= Task description =
Your output should be the lines from the one containing "晉中市太谷區(qū)北城區(qū)西苑社" through the end of the listing, exact and inclusive, with no pictures.

= Recorded information =
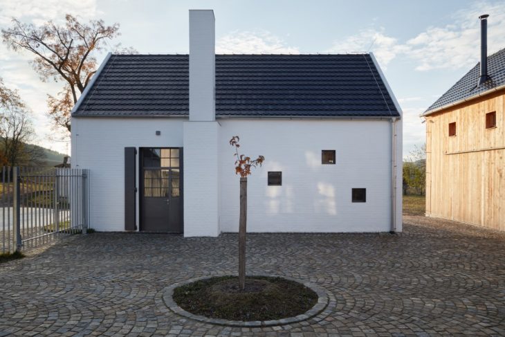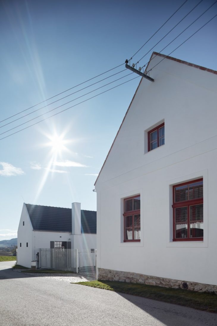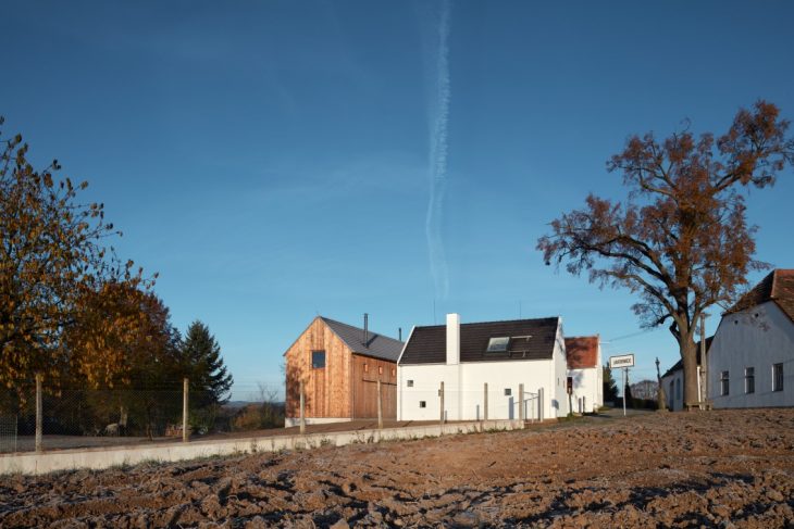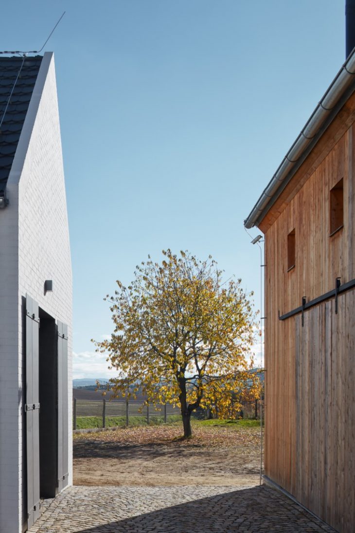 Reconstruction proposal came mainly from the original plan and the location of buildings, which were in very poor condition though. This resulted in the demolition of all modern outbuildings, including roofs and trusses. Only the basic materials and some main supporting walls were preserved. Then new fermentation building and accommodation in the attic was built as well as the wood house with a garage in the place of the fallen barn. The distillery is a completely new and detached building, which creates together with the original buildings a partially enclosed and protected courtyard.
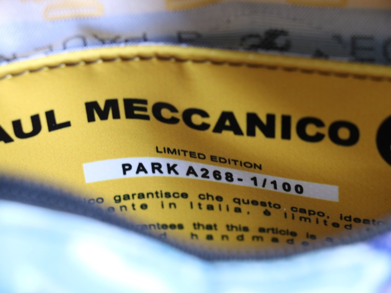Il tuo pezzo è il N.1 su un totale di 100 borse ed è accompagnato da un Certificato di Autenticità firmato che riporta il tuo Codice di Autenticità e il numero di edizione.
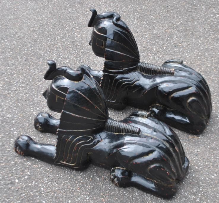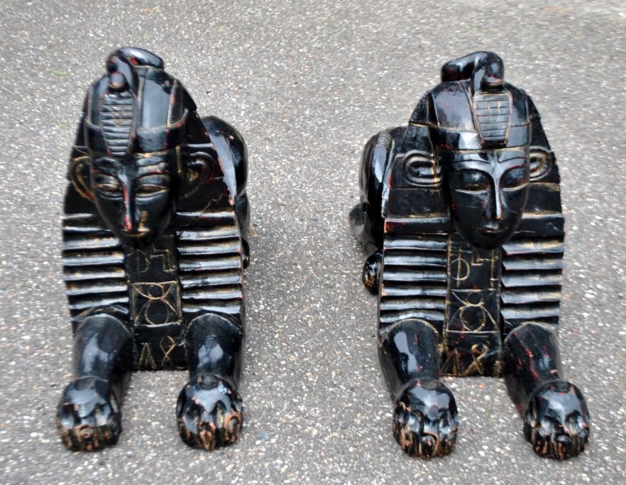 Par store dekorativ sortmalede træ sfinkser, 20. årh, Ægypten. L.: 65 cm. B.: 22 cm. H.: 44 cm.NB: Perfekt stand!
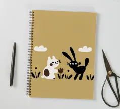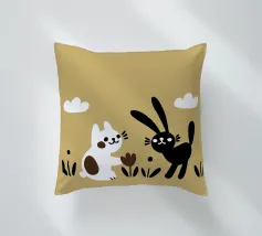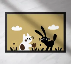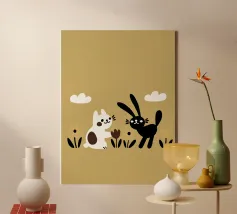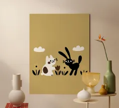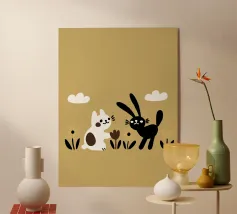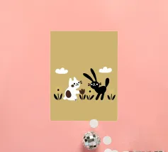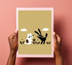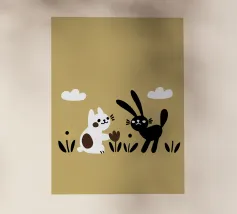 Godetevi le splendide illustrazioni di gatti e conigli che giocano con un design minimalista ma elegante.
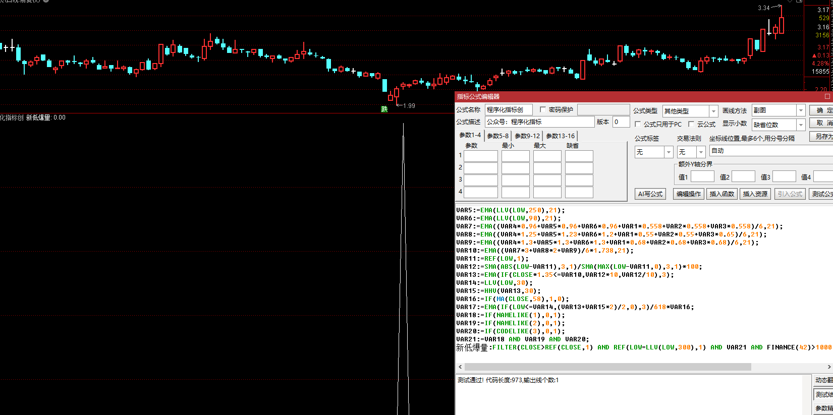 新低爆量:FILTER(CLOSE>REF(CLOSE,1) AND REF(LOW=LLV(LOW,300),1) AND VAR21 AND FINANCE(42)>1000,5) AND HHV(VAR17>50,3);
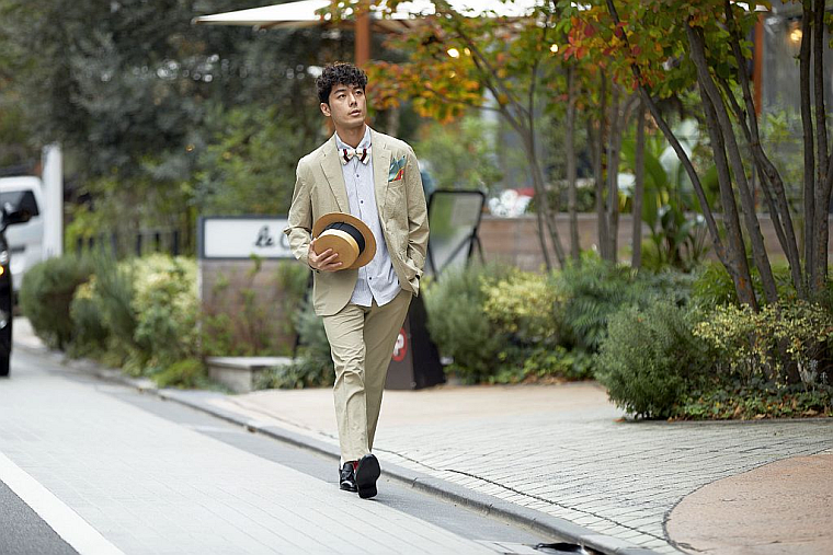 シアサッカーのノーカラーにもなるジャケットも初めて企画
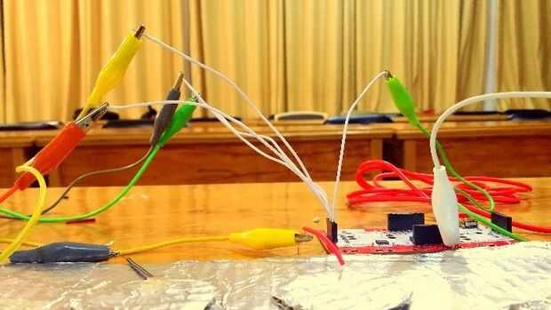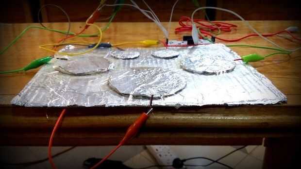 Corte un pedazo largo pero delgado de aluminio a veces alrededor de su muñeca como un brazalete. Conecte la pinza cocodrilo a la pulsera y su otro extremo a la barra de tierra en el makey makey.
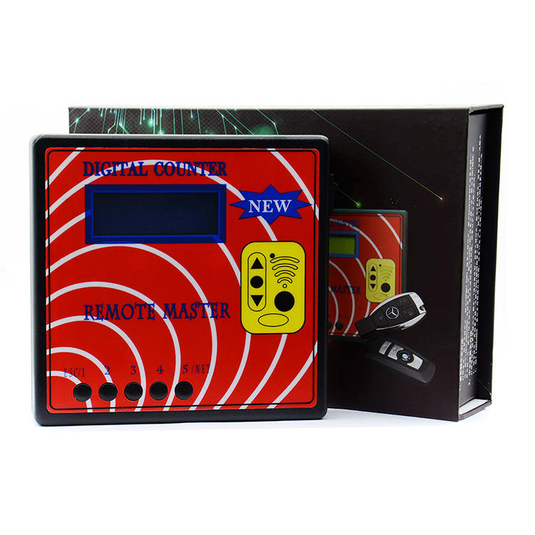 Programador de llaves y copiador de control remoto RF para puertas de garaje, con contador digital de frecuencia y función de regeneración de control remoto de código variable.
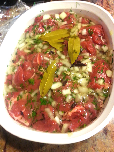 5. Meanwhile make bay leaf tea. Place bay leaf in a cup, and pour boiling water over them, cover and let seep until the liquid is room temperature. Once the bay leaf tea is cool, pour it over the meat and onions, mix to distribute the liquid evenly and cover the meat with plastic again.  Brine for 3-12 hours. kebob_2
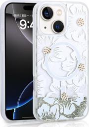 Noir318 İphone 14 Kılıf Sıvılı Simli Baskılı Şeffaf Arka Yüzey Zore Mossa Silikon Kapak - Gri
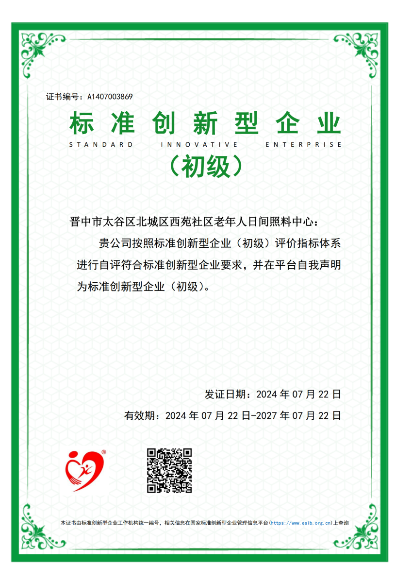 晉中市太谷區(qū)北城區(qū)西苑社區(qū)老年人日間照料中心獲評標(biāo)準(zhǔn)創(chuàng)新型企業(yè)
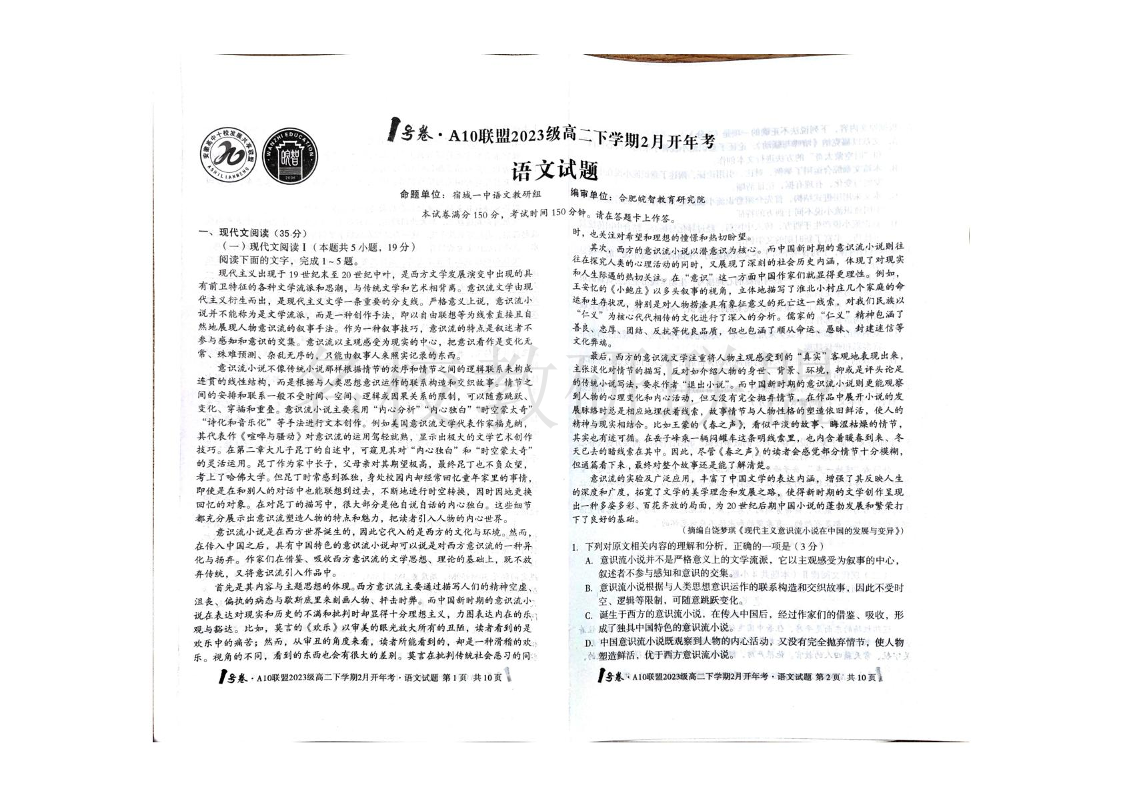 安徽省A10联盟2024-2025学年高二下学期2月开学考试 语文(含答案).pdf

= Solution for this problem =
 晉中市太谷區(qū)北城區(qū)西苑社區(qū)老年人日間照料中心獲評標(biāo)準(zhǔn)創(chuàng)新型企業(yè)
 安徽省A10联盟2024-2025学年高二下学期2月开学考试 语文(含答案).pdf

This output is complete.